From Sylabs’ introduction:

Singularity is a container platform. It allows you to create and run containers that package up pieces of software in a way that is portable and reproducible. You can build a container using Singularity on your laptop, and then run it on many of the largest HPC clusters in the world, local university or company clusters, a single server, in the cloud, or on a workstation down the hall. Your container is a single file, and you don’t have to worry about how to install all the software you need on each different operating system and system.

Singularity allows us to run containers- including Docker containers- on our shared systems. Docker requires a number of adminstrative privileges which makes it unusable in shared multi-user environments with networked storage. Singulariy remedies these problems allowing individual, non-root, users to run containers.

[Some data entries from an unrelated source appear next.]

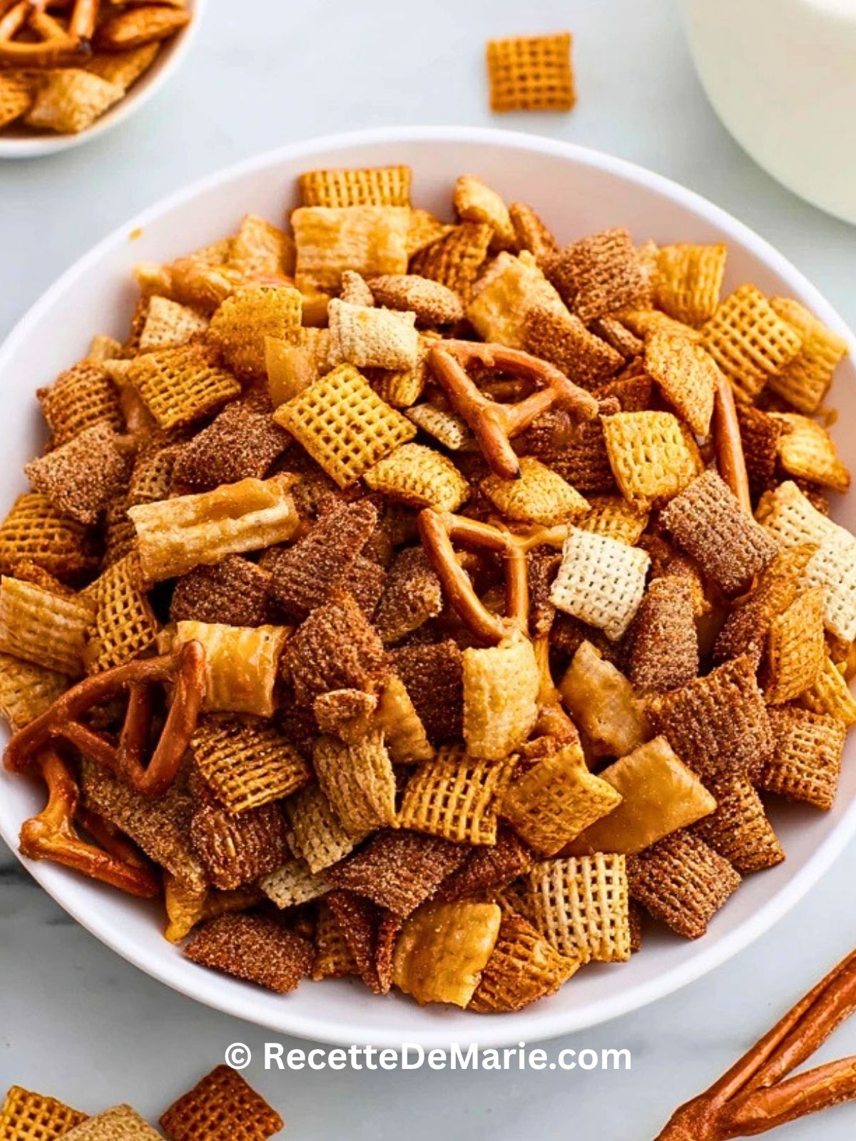 Ce mélange sucré salé au caramel et churros est une idée gourmande, croustillante et facile à préparer pour un apéritif sucré, un goûter festif ou une soirée cinéma. Réalisé avec des céréales croquantes, des bretzels et un enrobage au caramel parfumé à la cannelle, il offre une recette conviviale, rapide et irrésistible à partager en famille ou entre amis.
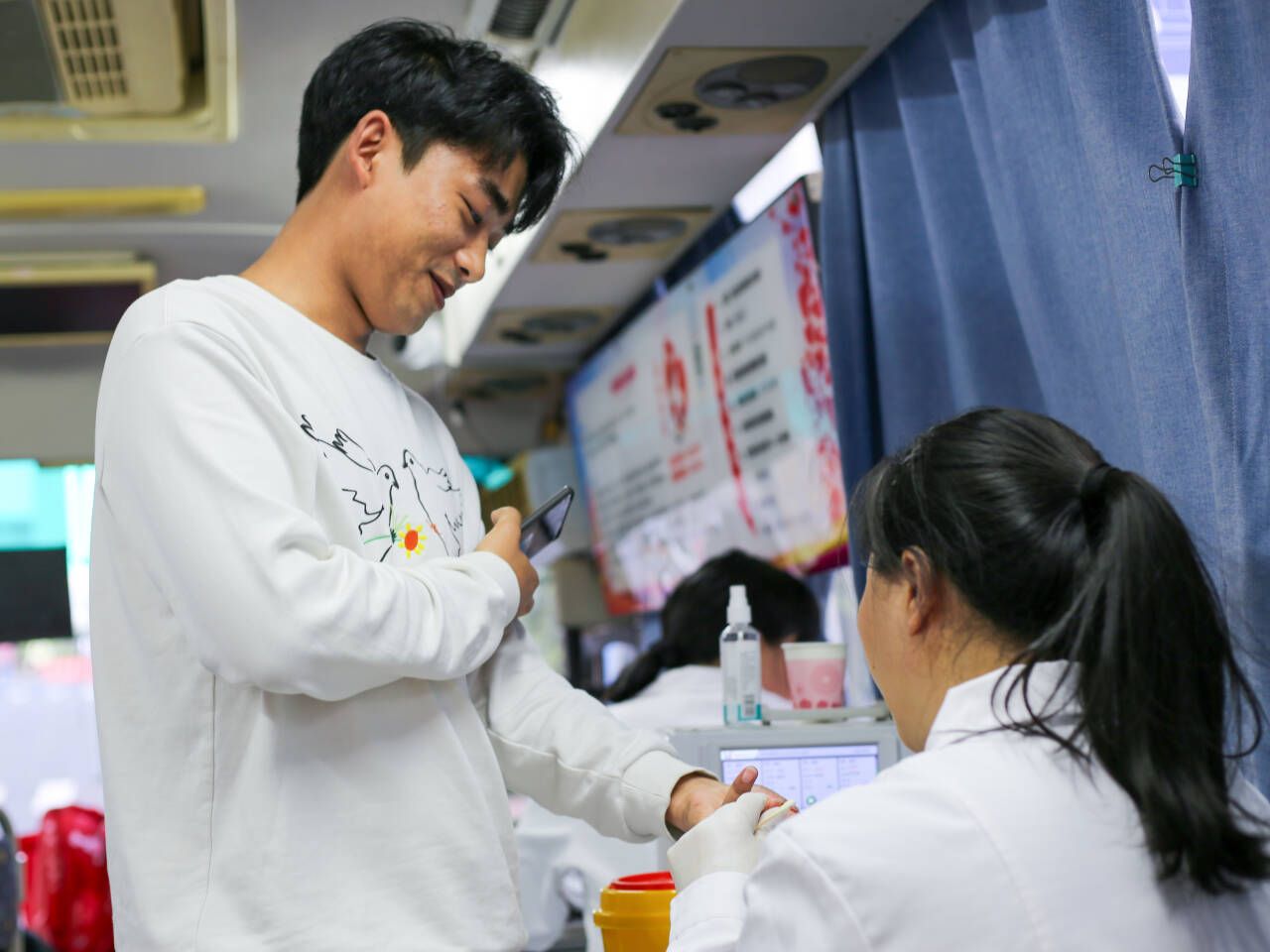 活动现场,秩序井然。各区域划分清晰,咨询台、采血区、休息区一应俱全。在志愿者引导下,同学们依次进行登记、体检、血液初筛等环节,并在检查合格后有序进入献血车。在等待献血的过程中,他们了解到无偿献血的注意事项和好处;在进行详细的体检时,医生耐心询问每一位同学的身体状况,同时科普献血后的营养饮食,让献血者在舒适的氛围中缓解紧张并舒展身心。整个献血过程尽然有序、充满生命力,同学们的脸上也洋溢着自豪的笑容。
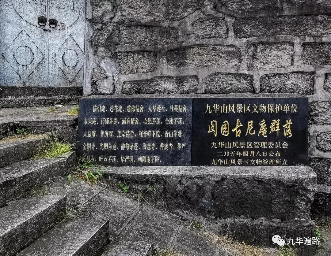 化城寺,始建于东晋,九华山开山祖寺,全国重点寺院。化城寺为皖南民居式建筑,白墙青瓦马头墙,前后四座殿宇分别置于三个台基上,随坡势逐级升高,气宇轩昂,庄严古朴。化城寺大殿主供三世佛,从左至右依次为主管西方极乐世界的阿弥陀佛,主管娑婆世界的释迦牟尼佛和主管东方净琉璃世界的药师佛。三世佛是大乘佛教的主要崇敬对象,常见于内地寺院。具体还分为按照时间表述的竖三世佛,以及按照空间表述的横三世佛。竖三世佛包括过去、现在、未来三世三劫佛。按照大乘佛教的说法,过去佛有很多,即使在所谓现在“贤劫”中也有很多佛,然而中国在寺院造像中常以燃灯佛代表过去佛,现在佛是释迦牟尼佛,未来佛是弥勒佛。横三世佛是指三个佛世界的佛,中国选取东方净琉璃世界的药师佛、娑婆世界的释迦牟尼佛、西方极乐世界的阿弥陀佛为横三世佛。对此,南传上座部佛教则只尊奉释迦牟尼佛,在斯里兰卡、泰国、缅甸以及云南西双版纳等地佛教寺院的主要殿堂,多数都是只有一尊释迦牟尼佛的造像,偶尔有两位阿罗汉站立左右。1981年化城寺兼作九华山历史文物馆,现更名为九华山风景区博物馆,当前主要藏有贝叶经、明大藏经(永乐北藏)、明无瑕和尚血经、明神宗圣旨、清康熙皇帝御书“九华圣境”、清乾隆皇帝御书“芬陁普教”、幽冥钟、谛听铜像、宋代石狮、地藏利生宝印等珍贵文物。化城寺住持常敏法师,1983年于九华山祇园寺依明心长老剃度出家,1986年接仁德老和尚法脉,为临济宗第46代传人,1994年担任化城寺住持。长生庵,位于旃檀林斜对面,从化城寺出发2分钟即到。顾名思义,长生庵是一座净土宗寺院。大乘佛教认为,如果能念佛往生净土,便可以在净土获得长生不老,和极乐世界人众一样长寿安乐,生命无有极限。《无量寿经》里也有“可得极长生,寿乐无有极”的描述。长生庵,始建于明代,安徽省重点寺院。这是一座典型的皖南民居式建筑,内部为传统榫卯工艺的全木结构体系,古色古香,外部为砖墙围护,建筑两侧设马头墙。长生庵的建筑风格与隔壁的龙庵、化城寺东的立庵、菩提阁非常相似,为同时期建筑。长生庵主供九华山“地藏三尊”,主尊为结跏趺坐的金地藏菩萨,头戴五佛冠、身披袈裟、手持摩尼宝珠,左协侍为身着袈裟、手持锡杖的道明和尚,右协侍为身着俗装、长须白髯的闵公。民间相传闵公是九华山最大的地主,乐善好施,闵公和儿子道明先后拜金地藏为师进入佛门。长生庵住持是比丘尼无垢法师,从1988年起担任九华山佛教协会的副会长,当时的会长还是仁德老和尚(1926-2001),副会长是普全法师、晓悟法师和无垢法师。无垢法师也是九华山佛教界的老人了。从九华街西白马亭沿石板道上行,广济茅蓬东侧即是无量寺。无量来源于梵文,通常代表究竟、圆满、不可限量,往往用来形容慈悲、善行、寿命、光芒、功德等,是一个常见的佛教词汇。无量寺地处九华镇政府后身,为皖南民居式寺庙,依山就势而建,白墙褐瓦马头墙尽显徽派建筑的婉约。无量寺为典型的禅宗道场,照壁镌刻方圆默契,这正是沩仰宗的禅风。无量寺亦不设大雄宝殿,法堂主供毗卢遮那佛,毗卢遮那佛是释迦牟尼佛的法身。根据大乘佛教经典《华严经》的说法,毗卢遮那佛是文殊菩萨和普贤菩萨的老师,三者在一起组成华严三圣。从无量寺出来,沿石板道继续上行,3分钟即到上禅堂。

Singularity is maintained and deployed in our environment using environment modules (lmod). You will need to load this module before running any commands.

Using Singularity

Singularity is available on the rhino and gizmo compute hosts. Please use a gizmo node if your task will be computationally intensive. Singularity containers can be run interactively (via grabnode) and in batch processing

Singularity is a module- load it with ml:

$ ml Singularity

Use ml spider to see available versions. Sylabs proivides a library of built images that can be used directly:

$ singularity pull --arch amd64 library://sylabsed/examples/lolcow:latest
INFO:    Downloading library image
 79.91 MiB / 79.91 MiB [====================================] 100.00% 1.43 MiB/s 55s
WARNING: unable to verify container: lolcow_latest.sif
WARNING: Skipping container verification

$ singularity run ./lolcow_latest.sif
 _________________________________________
/ Ships are safe in harbor, but they were \
\ never meant to stay there.              /
 -----------------------------------------
        \   ^__^
         \  (oo)\_______
            (__)\       )\/\
                ||----w |
                ||     ||

The error about container verification is not necessarily critical- if you would like to do a bit-by-bit validation of the download, additional steps are required.

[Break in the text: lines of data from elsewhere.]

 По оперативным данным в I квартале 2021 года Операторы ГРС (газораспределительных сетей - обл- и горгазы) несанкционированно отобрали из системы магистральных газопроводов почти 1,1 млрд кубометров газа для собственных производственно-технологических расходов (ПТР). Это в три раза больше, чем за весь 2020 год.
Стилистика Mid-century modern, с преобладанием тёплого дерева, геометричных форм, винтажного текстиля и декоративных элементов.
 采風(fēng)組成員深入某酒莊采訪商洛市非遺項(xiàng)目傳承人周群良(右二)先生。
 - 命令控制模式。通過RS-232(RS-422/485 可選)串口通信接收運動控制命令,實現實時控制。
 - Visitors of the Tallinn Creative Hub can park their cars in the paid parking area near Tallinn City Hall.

Using Docker Containers with Singularity

As indicated earlier, Singularity can run Docker container images. However, Docker container images must first be converted to be usable by Singularity.

The conversion step is only necessary the first time you convert a Docker container to a Singularity container or when you want to update your Singularity container (e.g. to a newer version of a Docker container).

Example - Convert and Run latest R Docker container with Singularity

This example converts a Singularity container named r-base-latest from the official R Docker container and starts an interactive R session with that container

$ ml Singularity
$ singularity build r-base-latest.sif docker://r-base
INFO:    Starting build...
Getting image source signatures
Copying blob 7b303595d9b3 skipped: already exists
Copying blob 269a52eb0491 skipped: already exists
Copying blob ded859387bda skipped: already exists
Copying blob 8e9a9ca14ab5 skipped: already exists
Copying blob b2833e2a4a5c skipped: already exists
Copying blob 69b7b0952253 skipped: already exists
Copying blob 13ddaffde5f2 skipped: already exists
Copying config 4a14570ea9 done
Writing manifest to image destination
Storing signatures
2021/07/30 11:51:41  info unpack layer: sha256:7b303595d9b321a9020d0ddbf1dea4c83237e2367117606a8d5466c446714ba1
2021/07/30 11:51:44  info unpack layer: sha256:269a52eb0491fa8f50f18f968e9a26e2c3f139332e157f2af3eaaa4ad8fbdab5
2021/07/30 11:51:44  info unpack layer: sha256:ded859387bdafb915ae926a385218acb88202f871dab977fc1f53237dfb4a079
2021/07/30 11:51:45  info unpack layer: sha256:8e9a9ca14ab54b7dcc64efd3dd1e59caa23457c62f787811a6dd14e73aeb8421
2021/07/30 11:51:45  info unpack layer: sha256:b2833e2a4a5cdc17504b1c82018201d1ab11fd9561b5f6b53a380150c056f80f
2021/07/30 11:51:45  info unpack layer: sha256:69b7b0952253024702757260108e530df6c9ae666d502264c710da8fec1cfb2b
2021/07/30 11:51:45  info unpack layer: sha256:13ddaffde5f2fd497225a2dd814720ed94058b4b8b663074160e4cea4b12c89e
INFO:    Creating SIF file...
INFO:    Build complete: r-base-latest.sif

$ singularity exec r-base-latest.sif R
R version 4.1.0 (2021-05-18) -- "Camp Pontanezen"
Copyright (C) 2021 The R Foundation for Statistical Computing
Platform: x86_64-pc-linux-gnu (64-bit)
 ...

> quit()
Save workspace image? [y/n/c]: n
$

You can run an R script directly in the container with:

$ singularity exec r-base-latest.sif Rscript script.R

Container Customization

Containers can be customized by using a base container image, then adding desired changes via a “definition file” which has necessary steps for modifying the base container.

Root access is typically required to build Singularity containers. Sylabs’ remote builder provides an option to build your container in Sylabs’ sandbox cloud infrastructure. Once the container finishes building it will be automatically download to your working directory where it can be run.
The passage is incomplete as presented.